Big benefits from tiny types: How to make your code's domain concepts explicit

Primitive code types such as string, integer, and float are tremendously useful for representing data, but the types themselves are uninformative. You must rely on the variable name to know what it means. Normally that's fine, but sometimes it isn’t—especially in extreme cases of primitive obsession. 

Fortunately, you can use tiny types to solve the problem. Here's how.

Gartner Magic Quadrant for Software Test Automation 2017

Just read teh codez?

Take this snippet of code, for example:

void Publish(String channel, String message)

You can guess at the intent from the variable names—but you can’t be sure precisely. If you just look at the type signature you see:

void Publish(String, String)

The types provide no useful information to the developer or the compiler.

So what? Developers do this all the time. The code works, they figure it out, so what’s the problem?

There are holes in your code. You might just fill these holes with primitives instead of thinking about the implied domain type. But doing so degrades the domain model, causing needless confusion and avoidable errors. Plant tiny types in these holes instead.

When you choose a type to represent some information in a program, you have the opportunity to add domain knowledge into the code, to inform the next developer of your intentions. Also, from a type-purity point of view, it is incorrect to assert that, for example, a channel is just a string. A string may hold any value, of any length, in any language. A channel likely has only a few valid values.

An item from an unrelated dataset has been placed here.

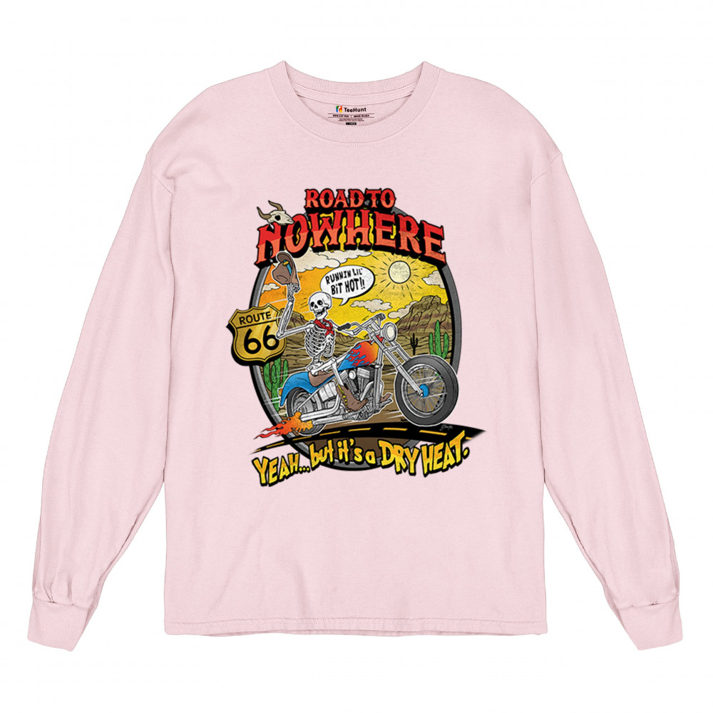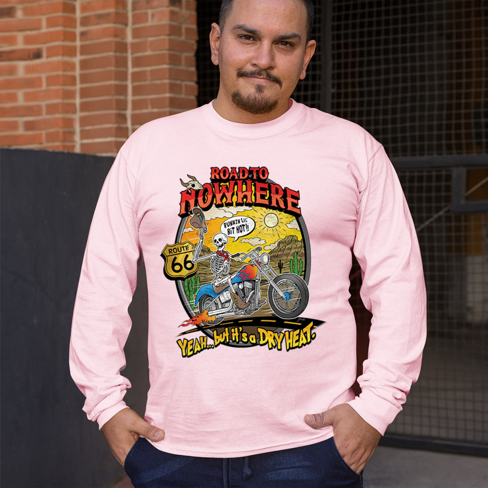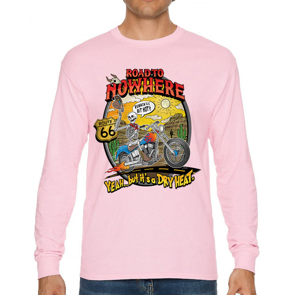 Discover the 'Road to Nowhere' T-shirt: a blend of bold graphics and adventurous spirit. Embrace the ride with our Route 66 skeleton biker design.

Some languages make it easy to define a tiny type; others less so. The amount of effort required will vary, but in general the effort is slight, and the benefits enormous.

Wait, what benefits?

A tiny type is just a lightweight value object, an object whose value is also its identity. If two different instances of the same value object hold the same value, they are equal. The value of a value object cannot change once it is set. So a tiny type must be immutable and comparable.

Precisely how to do this varies by language. In Java your tiny type’s class must override the equals and getHashCode methods to support comparison by value properly, and all properties are marked as "final" to prevent modification after construction. In the examples that follow I ignore these syntactic details in my code for brevity.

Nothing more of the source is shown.